# Exploring the benefits of Lead Scoring
This notebook explore the benefits of Lead Scoring by comparing the converstion rate and return on investment for calling 20% of prospects on a contact list. Two approaches are compared: 
* Unscored: Take a random selection of 20% of the contact list
* Scored: Score each prospect using a simple machine learning model and call the top 20%

The contact list is taken from a real world banking example. The [data](https://archive.ics.uci.edu/ml/datasets/Bank+Marketing) contains 41k CRM records from a Portugues bank during the year 2010. 

## Measuring the benefits of lead scoring
To measure the benefits of lead scoring, we define a function to calculate the Conversion Rate 

$CVR =  \frac{sale}{calls} $ 

and another to calculate Return on Investment 

$ROI = \frac{profit - cost}{cost} $ 

where $profit = unitProfit*sales$ and $cost = unitCost*calls$

We have assumed the unit cost is \$5 and unit profit \$45.  These are very rought estimates and have a big effect on ROI and need to be future refined

In [1]:
def calc_call_roi(contactList, leadScore, percentToCall, cost = 5.00, profit = 45.00): 
    
    sales, calls = calc_calls(contactList, leadScore, percentToCall)
    return (sales*profit - calls*cost) / float(calls*cost)

def calc_call_cvr(contactList, leadScore, percentToCall):

    sales, calls = calc_calls(contactList, leadScore, percentToCall)  
    return sales / float(calls)

def calc_calls(contactList, leadScore, percentToCall):
    
    calls = int(len(contactList)*percentToCall)
    if 'lead_score' in contactList.column_names():
        contactList.remove_column('lead_score')
    contactList = contactList.add_column(leadScore,name='lead_score')
    
    callList = contactList.topk('lead_score', k=calls)
    sales = len(callList[callList['y']=='yes']) 
    
    return  sales, calls

## Load Data

In [2]:
import graphlab as gl
bank = gl.SFrame.read_csv('Data/bank-additional/bank-additional-full.csv', delimiter=';', verbose=False)
train, validate = bank.random_split(0.8)

2016-06-02 04:30:40,292 [INFO] graphlab.cython.cy_server, 176: GraphLab Create v1.9 started.
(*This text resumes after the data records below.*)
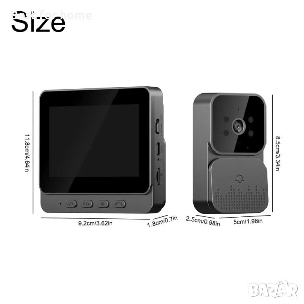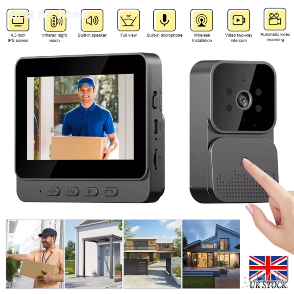 4.3" Безжичен, интелигентен видеозвънец с камера и 4.3" монитор
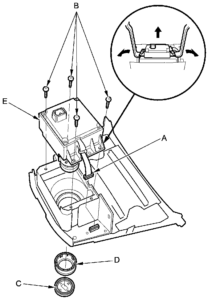 4. Remove the screws (B), then remove the knob (C) and the dial (D) from the interface dial (E) with two KTC trim tools and applying even force as shown.
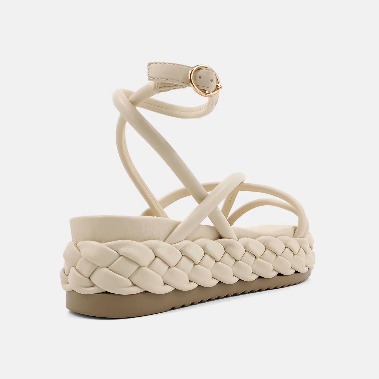 Esta sandália vai levar você do brunch ao jantar e a tudo o mais. Entre no estilo com a Sandália Plataforma Lilith da SHU SHOP, uma adição chique a qualquer guarda-roupa. Estas sandálias brancas apresentam um design flatform marcante revestido em couro sintético, finalizado com uma trança grossa para um visual ousado. Com bico aberto e salto baixo e confortável de 5 cm, são perfeitas para passeios casuais. O fecho por fivela no tornozelo garante um ajuste seguro, enquanto as tiras acolchoadas do cabedal oferecem o máximo conforto. Desenhadas para mulheres e disponíveis na gama de tamanhos adultos.
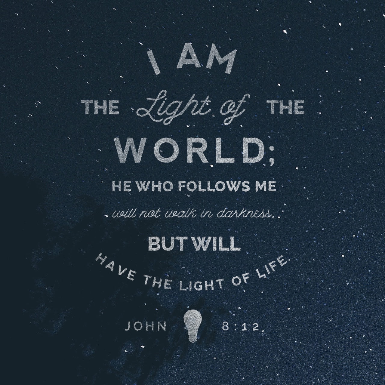 “Jesus spoke to the people once more and said, “I am the light of the world. If you follow me, you won’t have to walk in darkness, because you will have the light that leads to life.””

Logging: /tmp/graphlab_server_1464841838.log


This non-commercial license of GraphLab Create is assigned to kevin.mcisaac@gmail.com and will expire on November 06, 2016. For commercial licensing options, visit https://dato.com/buy/.


For the first approach we call a random 20% of the prospect. Note the RIO can vary from -2.8% to 11% depending on the luck of the draw! 

In [3]:
import random
for i in range(1,5):
    randLeadScores = gl.SArray([random.random() for _ in validate])
    initROI = calc_call_roi(validate, randLeadScores, 0.2)
    initCVR = calc_call_cvr(validate, randLeadScores, 0.2)
    print 'Call random 20%: ROI = {0:.2%}, CVR =  {1:.2%}'.format(initROI, initCVR)
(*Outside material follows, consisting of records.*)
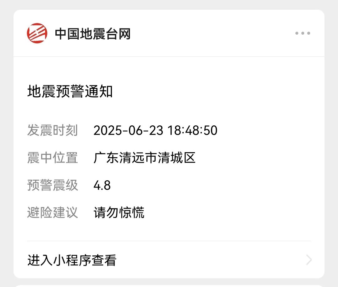 6月23号 清远市清城区发生4.3级地震
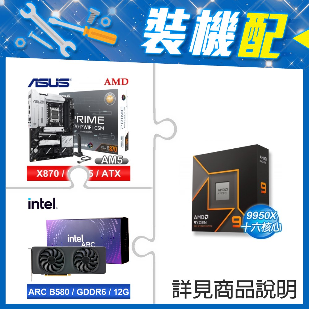 ☆裝機配★ AMD R9 9950X+華碩 PRIME X870-P WIFI-CSM ATX主機板+Intel Arc B580 12G 20 Core 顯示卡
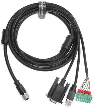 20m/65.6ft M12 A-Code 17-Pin Female to RJ45 & DB9 Cable - Power + Data Ethernet for Hikrobot ID2000/3000 Barcode Readers & SC2000/3000 Vision Sensors - Industrial Sensor Interface Cable

Call random 20%: ROI = 8.81%, CVR =  12.09%
Call random 20%: ROI = -10.33%, CVR =  9.96%
Call random 20%: ROI = -3.77%, CVR =  10.69%
Call random 20%: ROI = 3.89%, CVR =  11.54%


## Create a machine learning model to score leads

In [4]:
features = set(train.column_names()) - set(['duration', 'y'])

toolkit_model = gl.classifier.boosted_trees_classifier.create(train, features = features, target='y', verbose=False,
                                                             early_stopping_rounds=10, max_iterations=500 )
results = toolkit_model.evaluate(validate)
print "accuracy: %g, precision: %g, recall: %g" % (results['accuracy'], results['precision'], results['recall'])
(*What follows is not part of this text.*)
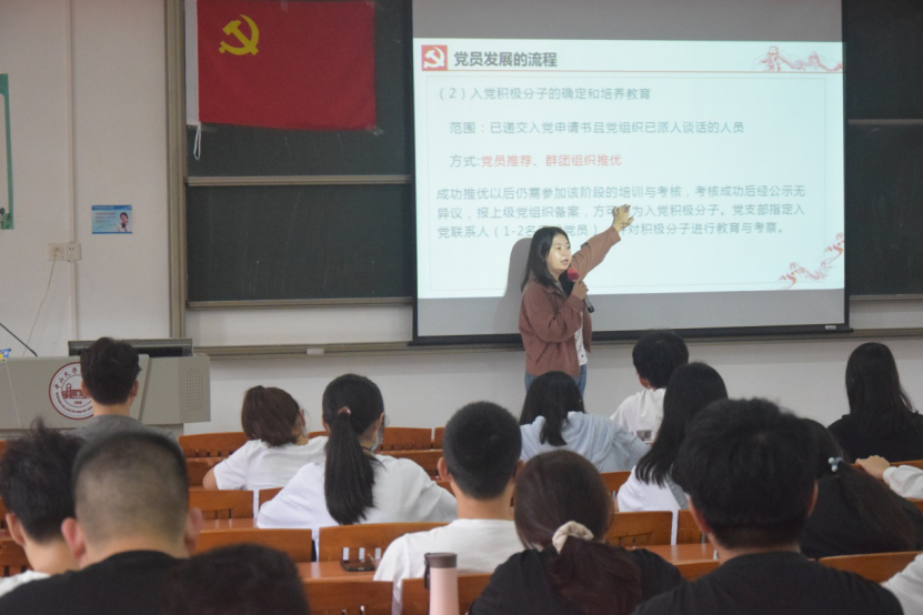 最后,张文婷老师对入党积极分子们详细讲解了党员的发展程序与阶段,共分为五个阶段二十五个步骤。同时为大家介绍了入党过程中的党籍材料,党籍材料是党员身份的标识,不仅对党员发展有重要意义,也对管理党员、推动党建工作有着宝贵价值。
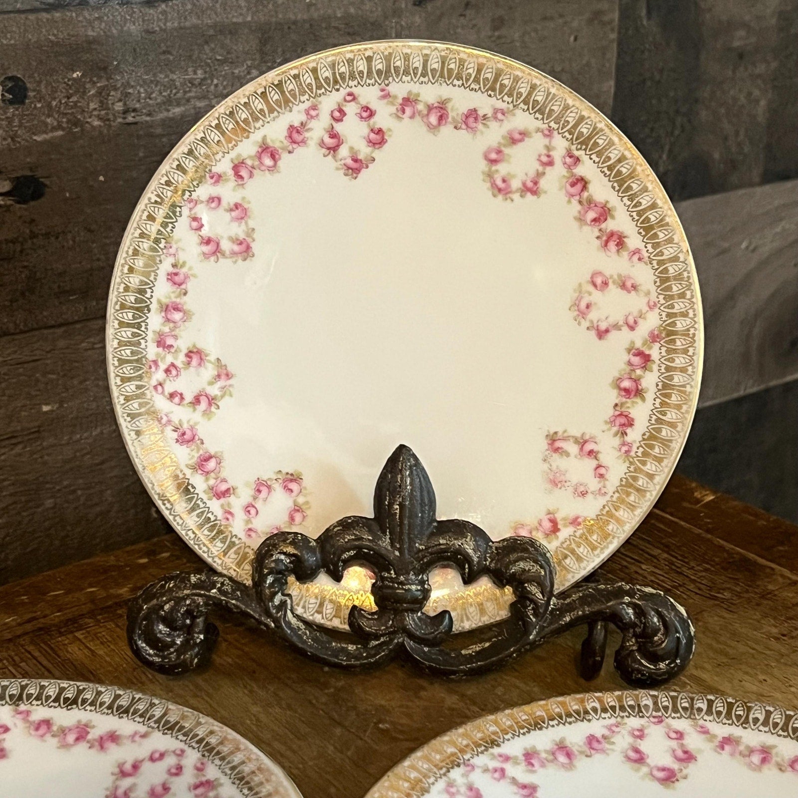 Vintage Hohenzollern Wittelsbach German Bavarian China Pink Gold Floral Small Plates - Set of 5

accuracy: 0.895907, precision: 0.668639, recall: 0.23275


Model can be considered accurate as it correctly predicts the purchasing decisions of ~90% of the contacts. However there is room for improvement as it only 64% of its predictions actually convert to sales and only 24% of actual sales were predicted by the model. 

In [5]:
toolkitLeadScore = toolkit_model.predict(validate,output_type='probability')
toolkitROI = calc_call_roi(validate, toolkitLeadScore, 0.2 )
toolkitCVR = calc_call_cvr(validate, toolkitLeadScore, 0.2 )

print 'Call top 20%: ROI = {0:.2%}, CVR =  {1:.2%}'.format(toolkitROI, toolkitCVR)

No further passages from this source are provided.